バート・レイノルズの訃報に接して
先週6日、米国の俳優で映画監督でもあったバート・レイノルズ氏が心不全のため82歳で死去しました(注1)。
氏は70年代後半から80年代前半に4度も「マネーメイキングスター(ハリウッドで最も興行収入をあげた俳優)」の地位を獲得しました。ちなみに今年はジョージ・クルーニーが最も稼いだ俳優だそうですが、その稼ぎは映画出演ではなく、所有していたテキーラのブランドの売却によるものだったそうです(注2)。
個人的に見たことがある作品に限っていえば、アメリカンフットボールの選手だった経験が活きていた「ロンゲスト・ヤード」は、さすがにはまり役でした。主演と監督を務めた刑事ものの「シャーキーズ・マシーン」やカーアクションの「キャノンボール」なども、アクションと明るいキャラクターが活かされていた記憶があります。
しかし、単なるアクション俳優ではないことを主張するかのように、ジェイムズ・ボンド(「007」シリーズ)やハン・ソロ(「スター・ウォーズ」シリーズ)のオファーを断る一方で、ほぼ同時期に「結婚しない族」などのコメディにも出演しました。
こうした例は、後に他のアクション俳優にもよく見受けられるようになりました(注3)。

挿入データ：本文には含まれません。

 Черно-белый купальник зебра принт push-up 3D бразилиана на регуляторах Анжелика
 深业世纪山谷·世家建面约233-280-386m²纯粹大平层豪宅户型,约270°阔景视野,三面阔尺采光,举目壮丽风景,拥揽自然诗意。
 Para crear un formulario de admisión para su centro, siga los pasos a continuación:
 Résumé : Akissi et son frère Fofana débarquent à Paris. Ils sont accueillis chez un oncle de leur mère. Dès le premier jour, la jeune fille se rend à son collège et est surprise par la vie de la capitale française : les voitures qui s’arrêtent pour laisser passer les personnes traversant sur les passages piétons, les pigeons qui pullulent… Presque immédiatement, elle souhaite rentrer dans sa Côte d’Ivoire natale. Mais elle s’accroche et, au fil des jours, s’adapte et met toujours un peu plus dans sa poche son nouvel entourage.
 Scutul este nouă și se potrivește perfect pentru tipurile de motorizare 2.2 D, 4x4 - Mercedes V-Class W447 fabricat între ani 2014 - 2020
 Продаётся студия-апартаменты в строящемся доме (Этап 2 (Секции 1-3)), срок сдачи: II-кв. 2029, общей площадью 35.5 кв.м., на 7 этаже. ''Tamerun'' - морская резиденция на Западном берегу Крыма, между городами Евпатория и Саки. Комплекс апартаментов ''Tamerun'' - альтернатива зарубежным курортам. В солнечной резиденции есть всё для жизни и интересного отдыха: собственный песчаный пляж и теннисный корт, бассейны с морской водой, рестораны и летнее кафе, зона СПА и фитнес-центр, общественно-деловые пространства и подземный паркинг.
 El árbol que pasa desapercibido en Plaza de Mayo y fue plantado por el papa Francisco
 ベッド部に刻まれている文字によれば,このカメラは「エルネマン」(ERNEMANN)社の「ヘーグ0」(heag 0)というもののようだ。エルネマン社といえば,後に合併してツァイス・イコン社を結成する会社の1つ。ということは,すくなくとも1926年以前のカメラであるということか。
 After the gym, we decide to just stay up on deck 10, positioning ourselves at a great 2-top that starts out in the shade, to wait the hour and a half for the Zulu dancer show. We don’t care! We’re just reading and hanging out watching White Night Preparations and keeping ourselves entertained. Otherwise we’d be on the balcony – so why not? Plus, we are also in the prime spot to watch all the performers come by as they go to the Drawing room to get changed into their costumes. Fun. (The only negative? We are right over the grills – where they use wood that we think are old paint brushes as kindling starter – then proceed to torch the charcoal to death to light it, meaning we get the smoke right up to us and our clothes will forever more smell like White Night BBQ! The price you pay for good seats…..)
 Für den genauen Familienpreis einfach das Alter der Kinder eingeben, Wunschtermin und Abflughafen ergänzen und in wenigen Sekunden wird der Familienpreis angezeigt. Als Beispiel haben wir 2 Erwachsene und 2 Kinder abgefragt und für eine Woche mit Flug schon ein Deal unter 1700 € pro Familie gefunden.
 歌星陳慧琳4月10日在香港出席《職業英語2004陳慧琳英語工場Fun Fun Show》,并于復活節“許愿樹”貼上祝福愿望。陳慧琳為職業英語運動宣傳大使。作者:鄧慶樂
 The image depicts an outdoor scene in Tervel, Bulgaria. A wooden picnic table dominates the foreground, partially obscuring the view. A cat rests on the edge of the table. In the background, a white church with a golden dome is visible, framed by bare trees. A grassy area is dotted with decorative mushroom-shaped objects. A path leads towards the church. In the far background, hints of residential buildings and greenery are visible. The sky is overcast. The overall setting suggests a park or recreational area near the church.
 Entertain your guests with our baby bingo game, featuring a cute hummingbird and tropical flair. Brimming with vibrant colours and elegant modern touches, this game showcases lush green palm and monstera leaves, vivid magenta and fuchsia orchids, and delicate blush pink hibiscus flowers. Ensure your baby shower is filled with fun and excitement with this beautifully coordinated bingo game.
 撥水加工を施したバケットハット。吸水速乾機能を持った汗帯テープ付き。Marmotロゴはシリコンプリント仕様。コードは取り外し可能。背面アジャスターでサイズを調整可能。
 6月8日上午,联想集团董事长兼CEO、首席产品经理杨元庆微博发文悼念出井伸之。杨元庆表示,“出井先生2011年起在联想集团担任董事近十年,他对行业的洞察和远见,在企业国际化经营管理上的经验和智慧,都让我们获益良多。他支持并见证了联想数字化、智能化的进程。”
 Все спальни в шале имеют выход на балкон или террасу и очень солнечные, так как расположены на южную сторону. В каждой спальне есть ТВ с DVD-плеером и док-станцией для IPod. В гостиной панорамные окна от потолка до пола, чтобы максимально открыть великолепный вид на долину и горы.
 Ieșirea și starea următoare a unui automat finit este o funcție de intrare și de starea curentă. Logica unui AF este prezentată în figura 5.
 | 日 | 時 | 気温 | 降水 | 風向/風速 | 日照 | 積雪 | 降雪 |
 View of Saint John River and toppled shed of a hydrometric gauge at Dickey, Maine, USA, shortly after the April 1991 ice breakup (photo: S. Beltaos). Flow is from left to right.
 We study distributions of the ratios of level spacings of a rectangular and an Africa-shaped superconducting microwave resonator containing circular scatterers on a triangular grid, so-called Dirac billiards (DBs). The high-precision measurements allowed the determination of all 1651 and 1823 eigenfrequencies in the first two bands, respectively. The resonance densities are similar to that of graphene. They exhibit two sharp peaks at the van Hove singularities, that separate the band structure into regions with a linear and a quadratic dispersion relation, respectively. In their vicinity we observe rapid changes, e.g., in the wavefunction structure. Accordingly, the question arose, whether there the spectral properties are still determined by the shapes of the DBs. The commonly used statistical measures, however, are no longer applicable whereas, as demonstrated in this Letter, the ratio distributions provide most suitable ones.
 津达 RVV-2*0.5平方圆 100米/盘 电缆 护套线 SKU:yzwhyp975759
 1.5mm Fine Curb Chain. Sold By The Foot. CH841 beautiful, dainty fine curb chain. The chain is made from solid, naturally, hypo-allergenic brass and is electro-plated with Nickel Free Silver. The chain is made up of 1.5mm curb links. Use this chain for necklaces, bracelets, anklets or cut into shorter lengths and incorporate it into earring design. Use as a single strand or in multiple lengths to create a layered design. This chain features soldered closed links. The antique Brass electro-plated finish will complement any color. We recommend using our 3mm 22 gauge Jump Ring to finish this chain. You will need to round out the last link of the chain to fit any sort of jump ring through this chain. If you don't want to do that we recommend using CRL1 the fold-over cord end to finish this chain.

これらの俳優としてのキャリアチェンジは、必ずしも成功したと言えるものではありませんでした。実際、80年代半ば以降は、マネーメイキングスターの座に返り咲くことはありませんでした。
アクション俳優として、またセクシーな魅力に溢れる男優として、その地位が確立してしまったが故に、そこからの方針転換は本人の意図や能力だけでは如何ともしがたいものがあったのかもしれません。彼のファンや出演オファーをだす映画関係者からすると、敢えて確立していないキャラクターに挑戦するよりも、これまで成功してきた役柄を演じ続けて欲しいし、その姿を見たいという要望こそが強かったのではないでしょうか。
こうしたことはハリウッド俳優のキャリアに限ったことではありません。一般の企業社会においても、ある職種で実績を上げた人に求められるのは、通常、その職種でのさらなる成功です。営業担当として高い成果を上げてきた社員に、本人が特に強く希望しない限り、いきなり管理部門や開発部門の仕事を任せる組織はそうそうないでしょう。昇進させるにしても、営業部門の管理職というのが普通でしょう。
もしかすると、本人は営業一本のキャリアに飽きてきているのかもしれません。内心は、別のキャリアにチャレンジしたいと思っていることもあるでしょう。
それを自ら手を挙げて挑戦する人は、そうそう多くはありません。個人としては誰でも失敗は避けたいものですし、仕事をしてもらう組織の側も、既に成功している社員にゼロから別のキャリアを歩む機会を提示する余裕はありません。その前に、未だこれと言って誇れるような実績を上げていない社員をどうするのか、というほうが人事上の大きな命題となっているのが、ごく一般的な組織でしょう。
そうしてみると、全盛期にキャリアチェンジを図っていったバート・レイノルズ氏は、本当の意味で、自らに挑戦し、それを俳優として生涯続けていた人だったと思われます。
【注1】
たとえば、以下のように報じられています。
http://rollingstonejapan.com/articles/detail/28966
https://www.cinematoday.jp/news/N0103428
【注2】
もとはフォーブスの報道によりますが、以下のように転載されています。
https://headlines.yahoo.co.jp/hl?a=20180908-00010001-binsider-int
【注3】
たとえば、「ロッキー」「ランボー」「エクスペンダブルズ」のシリーズでアクションスターの代表と想定されるシルベスター・スタローンは「刑事ジョー ママにお手上げ」でコメディに挑戦したり、「パラダイスアレイ」や「ステインアライブ」で監督にも挑んでいます。
また、「コナン・ザ・グレート」「ターミネーター」のシリーズや「プレデター」「トータル・リコール」などで知られるアーノルド・シュワルツェネッガ―は「キンダーガートン・コップ」や「ツインズ」といったコメディにも出演しました。